(Stored items)

===

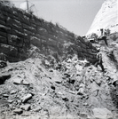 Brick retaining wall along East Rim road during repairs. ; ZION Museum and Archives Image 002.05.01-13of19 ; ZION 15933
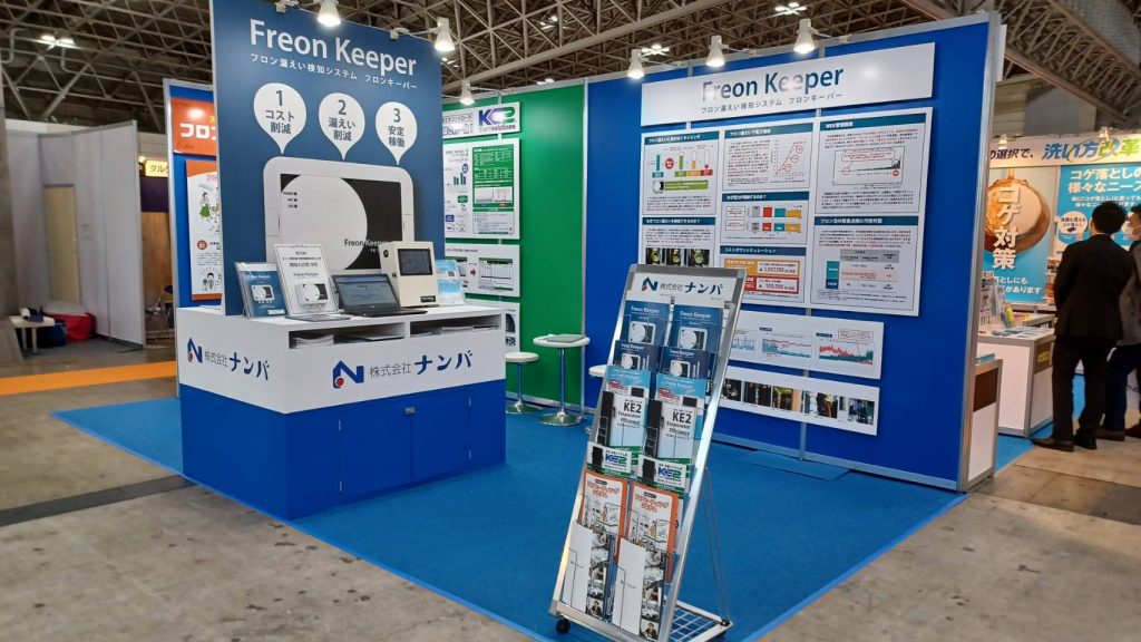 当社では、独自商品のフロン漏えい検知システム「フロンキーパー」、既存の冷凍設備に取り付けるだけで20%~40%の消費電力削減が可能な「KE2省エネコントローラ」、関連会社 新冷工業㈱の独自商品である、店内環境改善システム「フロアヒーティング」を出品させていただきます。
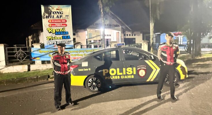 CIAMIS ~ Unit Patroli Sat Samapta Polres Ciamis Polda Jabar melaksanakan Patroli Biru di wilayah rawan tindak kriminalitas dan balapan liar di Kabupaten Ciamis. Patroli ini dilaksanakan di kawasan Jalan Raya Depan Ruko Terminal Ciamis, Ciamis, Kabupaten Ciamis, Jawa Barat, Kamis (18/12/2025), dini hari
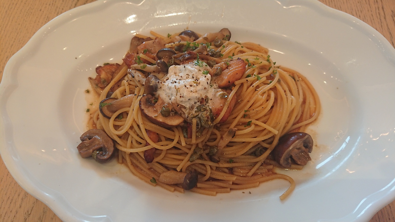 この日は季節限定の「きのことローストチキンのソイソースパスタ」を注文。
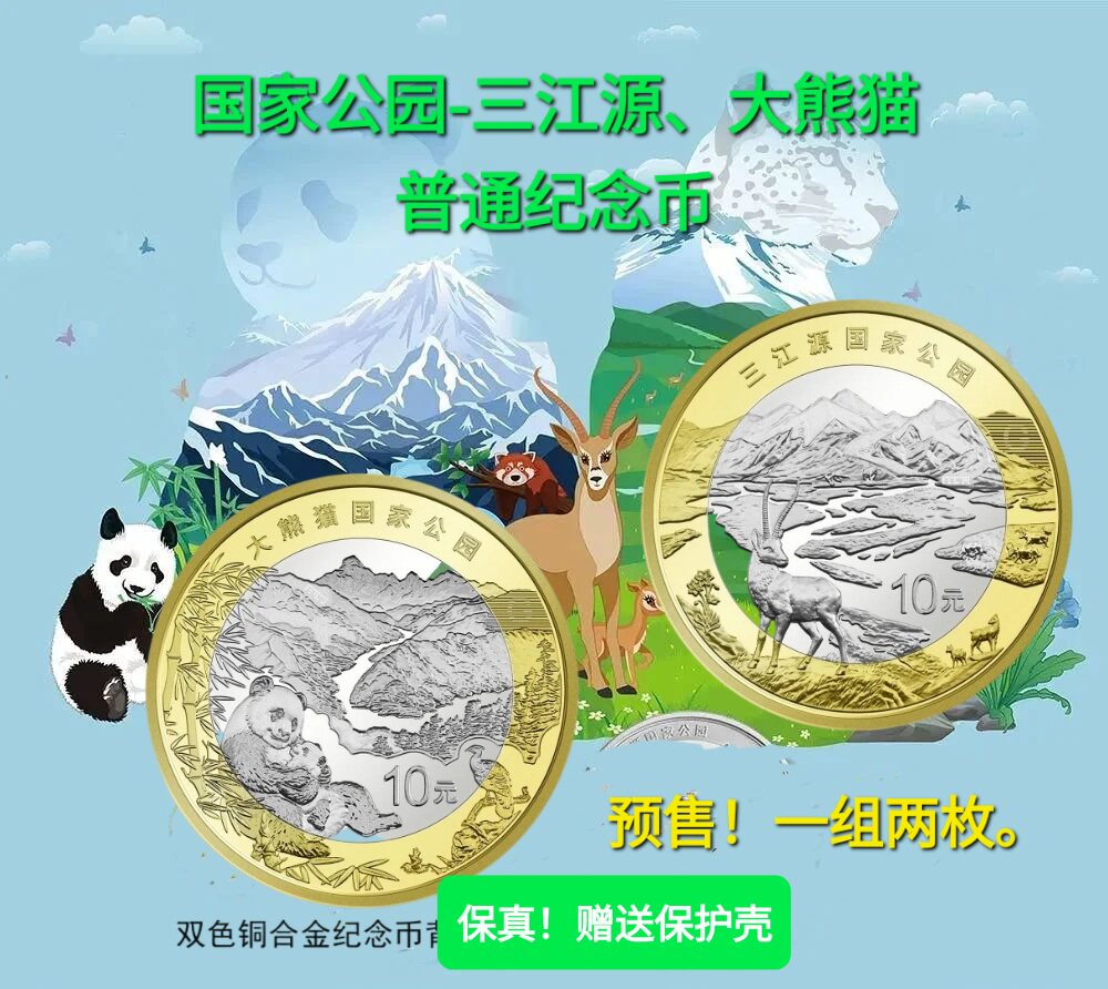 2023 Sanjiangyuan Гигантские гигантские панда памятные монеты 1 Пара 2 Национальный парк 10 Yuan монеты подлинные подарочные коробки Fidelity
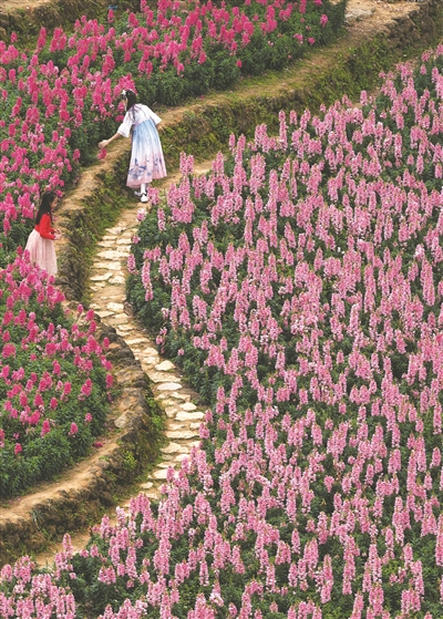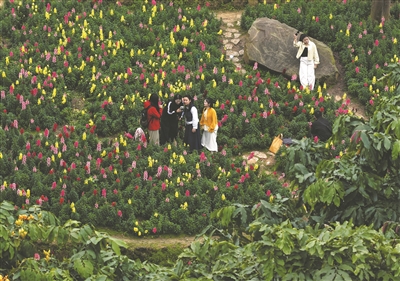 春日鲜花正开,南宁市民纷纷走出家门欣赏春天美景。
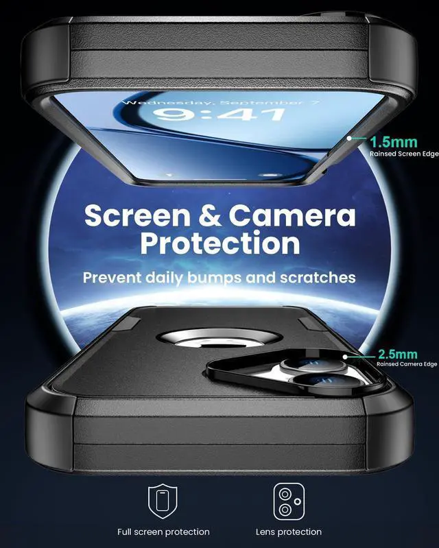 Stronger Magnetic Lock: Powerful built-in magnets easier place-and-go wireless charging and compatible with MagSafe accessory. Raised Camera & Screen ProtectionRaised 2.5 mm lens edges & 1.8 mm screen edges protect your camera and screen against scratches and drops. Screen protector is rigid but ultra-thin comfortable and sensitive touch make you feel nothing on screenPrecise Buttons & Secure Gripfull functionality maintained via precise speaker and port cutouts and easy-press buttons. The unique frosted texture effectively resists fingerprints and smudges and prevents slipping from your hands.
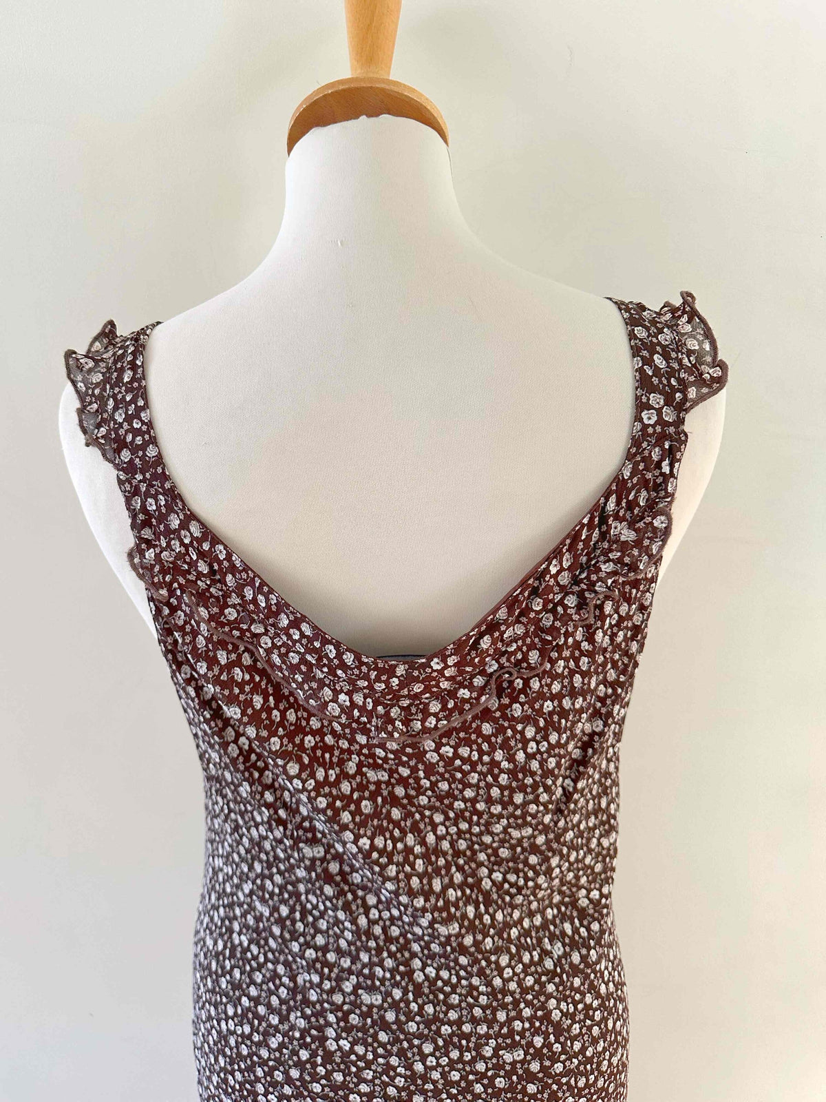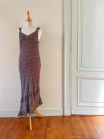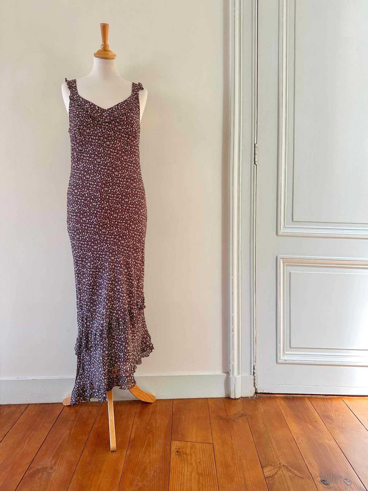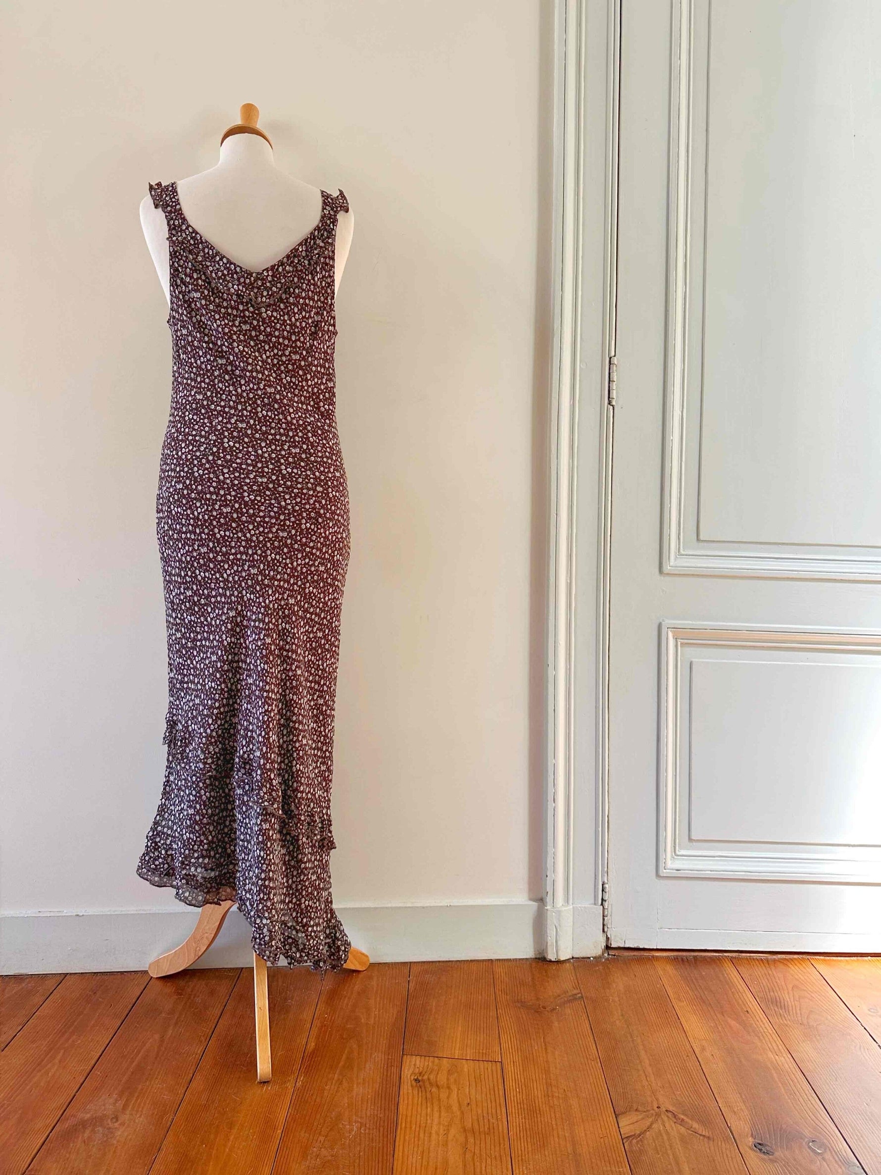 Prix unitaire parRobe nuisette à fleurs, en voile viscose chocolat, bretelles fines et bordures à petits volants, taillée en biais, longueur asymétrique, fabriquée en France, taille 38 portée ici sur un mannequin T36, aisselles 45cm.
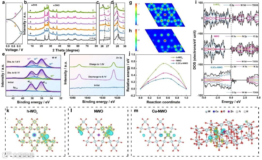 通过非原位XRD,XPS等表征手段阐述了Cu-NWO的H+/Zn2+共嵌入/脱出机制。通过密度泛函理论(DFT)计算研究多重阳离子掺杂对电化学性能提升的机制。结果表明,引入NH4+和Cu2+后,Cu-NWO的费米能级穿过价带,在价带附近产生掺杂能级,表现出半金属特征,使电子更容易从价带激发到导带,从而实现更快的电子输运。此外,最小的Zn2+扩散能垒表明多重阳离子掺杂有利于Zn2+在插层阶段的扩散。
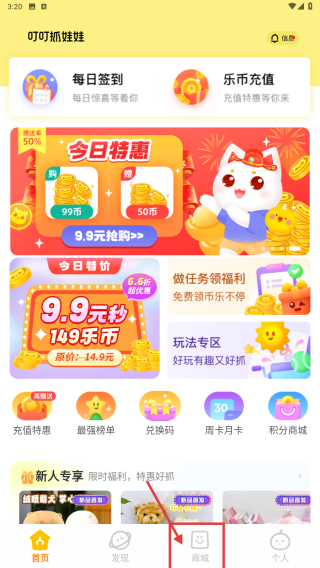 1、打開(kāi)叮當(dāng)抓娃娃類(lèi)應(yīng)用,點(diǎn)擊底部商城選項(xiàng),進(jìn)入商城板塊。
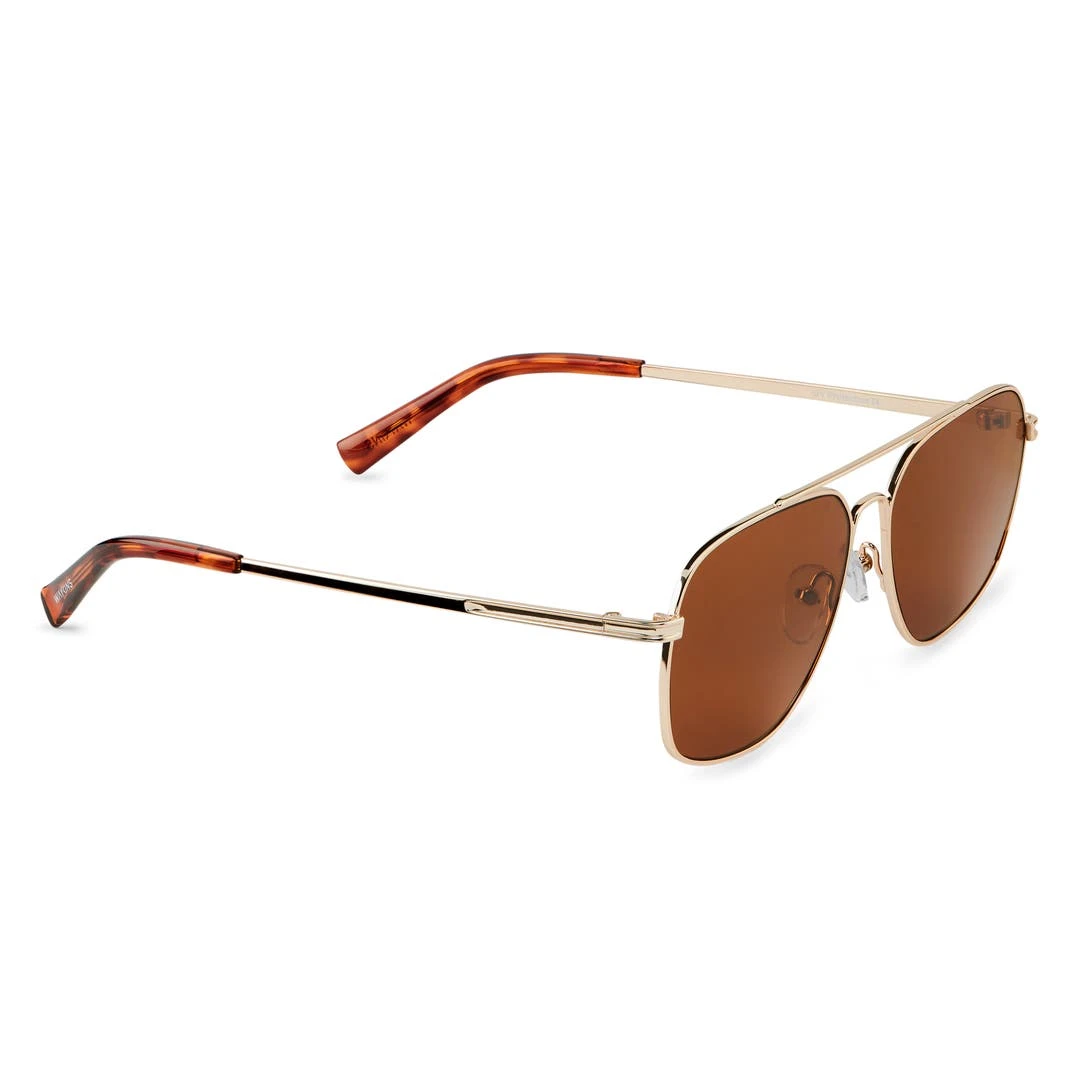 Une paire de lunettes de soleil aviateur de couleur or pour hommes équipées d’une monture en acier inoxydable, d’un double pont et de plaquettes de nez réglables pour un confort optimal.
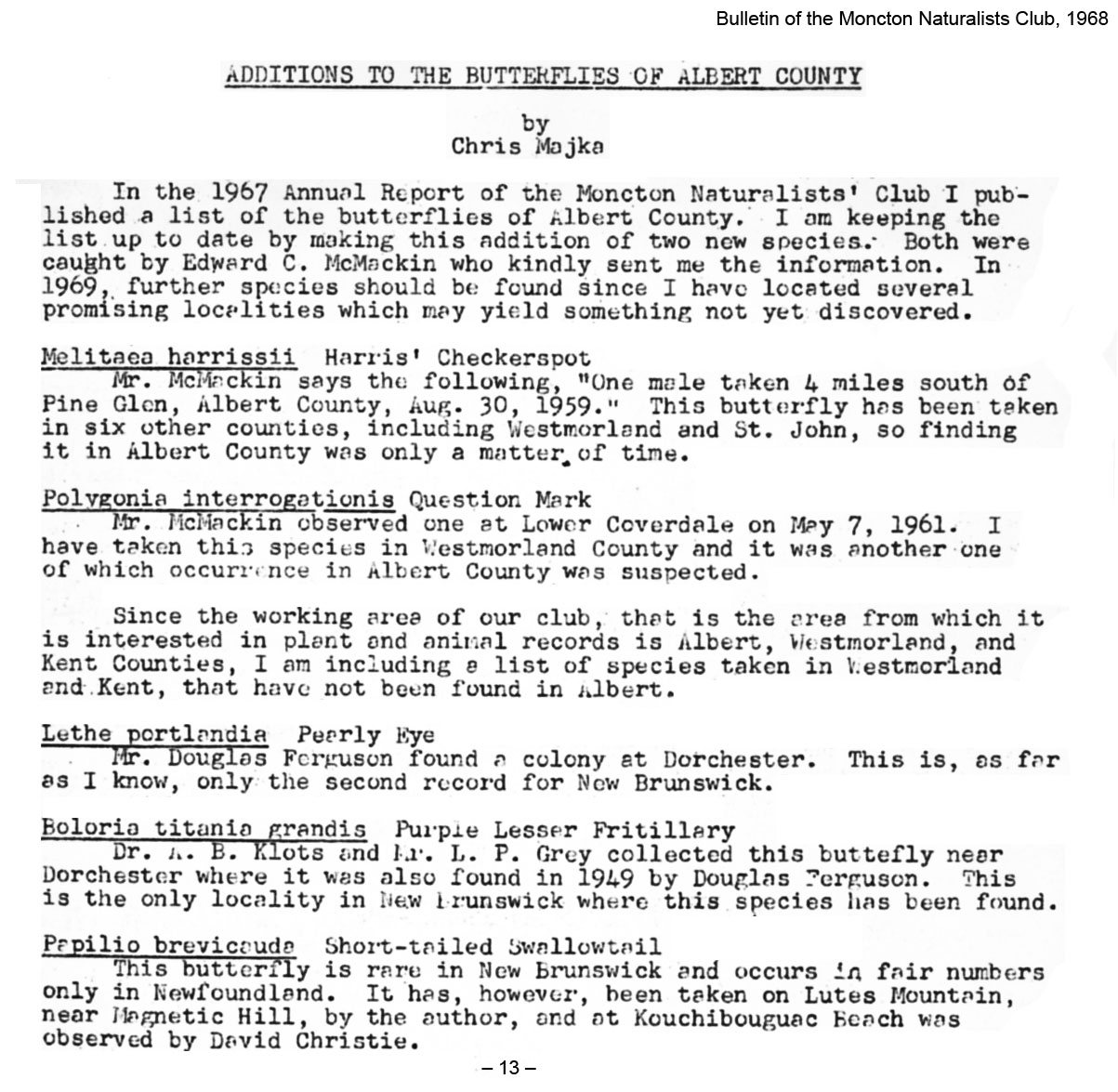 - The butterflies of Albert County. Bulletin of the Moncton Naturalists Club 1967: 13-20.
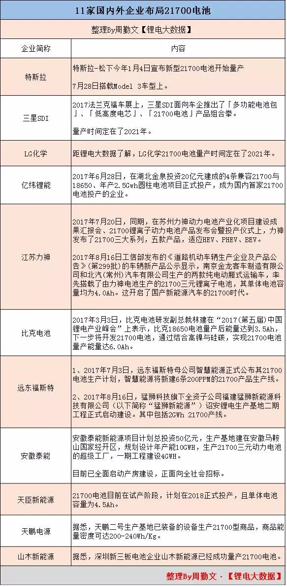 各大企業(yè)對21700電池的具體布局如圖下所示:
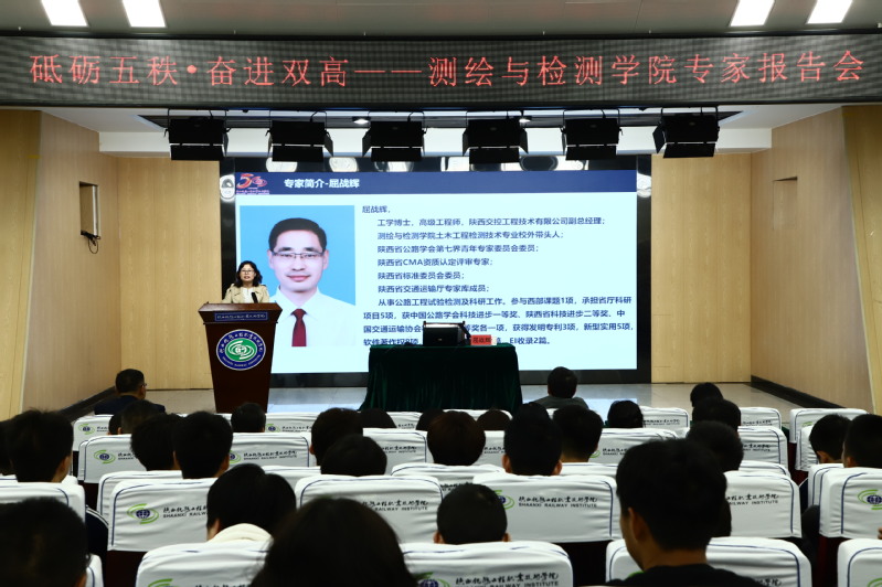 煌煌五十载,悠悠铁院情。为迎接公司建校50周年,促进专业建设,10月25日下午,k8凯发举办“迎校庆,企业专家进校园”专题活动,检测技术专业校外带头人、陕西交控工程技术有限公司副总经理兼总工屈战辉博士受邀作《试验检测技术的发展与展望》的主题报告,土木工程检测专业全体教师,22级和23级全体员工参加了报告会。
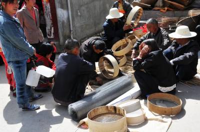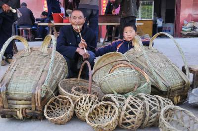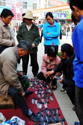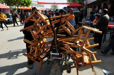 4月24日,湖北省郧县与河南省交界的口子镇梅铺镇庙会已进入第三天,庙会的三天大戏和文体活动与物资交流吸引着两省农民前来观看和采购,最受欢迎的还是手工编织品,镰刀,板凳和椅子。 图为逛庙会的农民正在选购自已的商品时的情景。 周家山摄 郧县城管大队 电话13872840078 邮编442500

===

What to work on | From the line with "1、打開(kāi)叮當(dā" to the final line of the records, inclusive, set down the lines exactly and add nothing; leave every picture out.

Written answer |
 1、打開(kāi)叮當(dāng)抓娃娃類(lèi)應(yīng)用,點(diǎn)擊底部商城選項(xiàng),進(jìn)入商城板塊。
 Une paire de lunettes de soleil aviateur de couleur or pour hommes équipées d’une monture en acier inoxydable, d’un double pont et de plaquettes de nez réglables pour un confort optimal.
 - The butterflies of Albert County. Bulletin of the Moncton Naturalists Club 1967: 13-20.
 各大企業(yè)對21700電池的具體布局如圖下所示:
 煌煌五十载,悠悠铁院情。为迎接公司建校50周年,促进专业建设,10月25日下午,k8凯发举办“迎校庆,企业专家进校园”专题活动,检测技术专业校外带头人、陕西交控工程技术有限公司副总经理兼总工屈战辉博士受邀作《试验检测技术的发展与展望》的主题报告,土木工程检测专业全体教师,22级和23级全体员工参加了报告会。
 4月24日,湖北省郧县与河南省交界的口子镇梅铺镇庙会已进入第三天,庙会的三天大戏和文体活动与物资交流吸引着两省农民前来观看和采购,最受欢迎的还是手工编织品,镰刀,板凳和椅子。 图为逛庙会的农民正在选购自已的商品时的情景。 周家山摄 郧县城管大队 电话13872840078 邮编442500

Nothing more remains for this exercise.